RECOVERY DATETIME
Recovery Datetime captures the exact date and time when the price or value recovered to or exceeded the previous peak, using ISO 8601 format for precision.
Trading Strategies

Definition: Realized P&L reflects the profit or loss from individual closed transactions. It is calculated as the difference between entry and exit prices, multiplied by trade quantity, excluding fees. This metric provides traders with a clear understanding of their financial outcomes from completed trades, enabling more informed decision-making and strategy refinement.
Importance: Monitoring Realized P&L is crucial for assessing trading performance and adjusting strategies. By analyzing the profitability of closed transactions, traders can identify successful approaches, recognize areas needing improvement, and maintain a disciplined approach to their trading activities. Realized P&L helps traders understand the impact of their decisions, manage risk more effectively, and ultimately achieve more consistent long-term profitability.
Tips: Regularly review realized P&L to track performance trends. Use this metric to refine your trading strategy and identify successful patterns. Compare realized P&L across different trades to optimize future decision-making.
Definition: Transaction-Level Realized P&L represents the profit or loss from specific closed transactions. It evaluates individual transaction outcomes and contributes to overall trade performance.
Formula: This value is determined by calculating the difference between the entry price and the exit price, multiplied by the quantity of shares closed.
Example: A trader closes a long position of 100 shares with an entry price of $50 and an exit price of $55, resulting in a realized P&L of $500.
Application: Helps traders understand the financial impact of each transaction and refine their strategies based on individual outcomes.
Definition: Trade-Level Realized P&L reflects the aggregate profit or loss from closed transactions within a trade.

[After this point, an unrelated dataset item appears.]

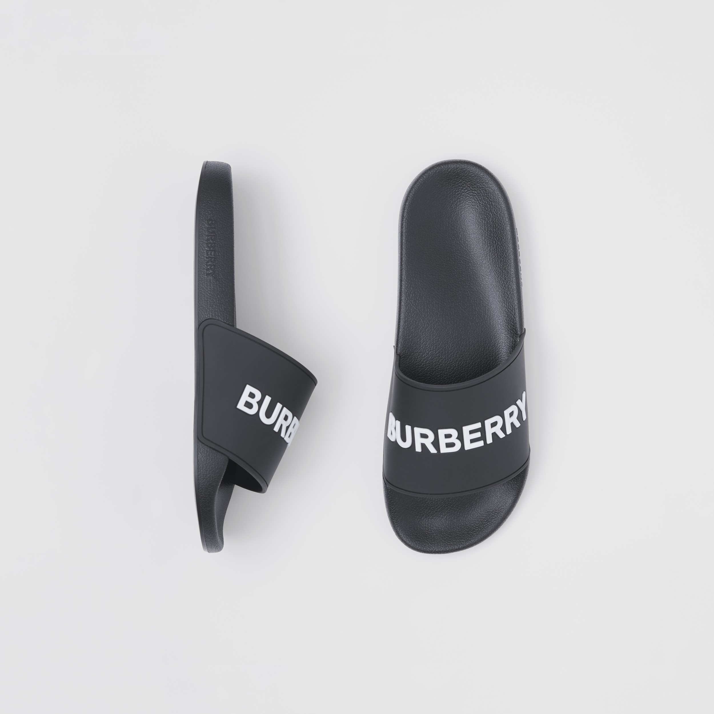 Logo Detail Two Tone Slides In Black Optic White Women Burberry Official

It provides insights into trade outcomes and strategy effectiveness.
Formula: The trade-level realized P&L is calculated by summing the realized P&L of all transactions in the trade.
Example: A trade includes three transactions with realized P&Ls of $200, $300, and $400, resulting in a total trade-level realized P&L of $900.
Application: Offers a comprehensive view of trade-level profitability, helping traders refine strategies and make informed decisions for future trades.
Definition: Portfolio-Level Realized P&L represents the cumulative profit or loss from all closed trades in the account. It evaluates overall trading success and financial outcomes.
Formula: Portfolio-level realized P&L is determined by summing the trade-level realized P&Ls across the entire portfolio.
Example: A portfolio contains multiple trades with total realized P&Ls of $2,000, $3,000, and $1,000, resulting in a portfolio-level realized P&L of $6,000.
Application: Provides a high-level perspective on overall trading performance, enabling traders to maintain a consistent approach and refine their strategies for long-term success.
Q: What is realized P&L?
A: It is the profit or loss generated from closed transactions, calculated as the difference between entry and exit prices multiplied by the quantity.
Q: Why is monitoring realized P&L important?
A: It helps traders understand their financial outcomes, refine strategies, and identify successful trading patterns.
Q: How often should I review realized P&L?
A: Regularly review realized P&L after closing trades to stay informed about your performance and improve future decision-making.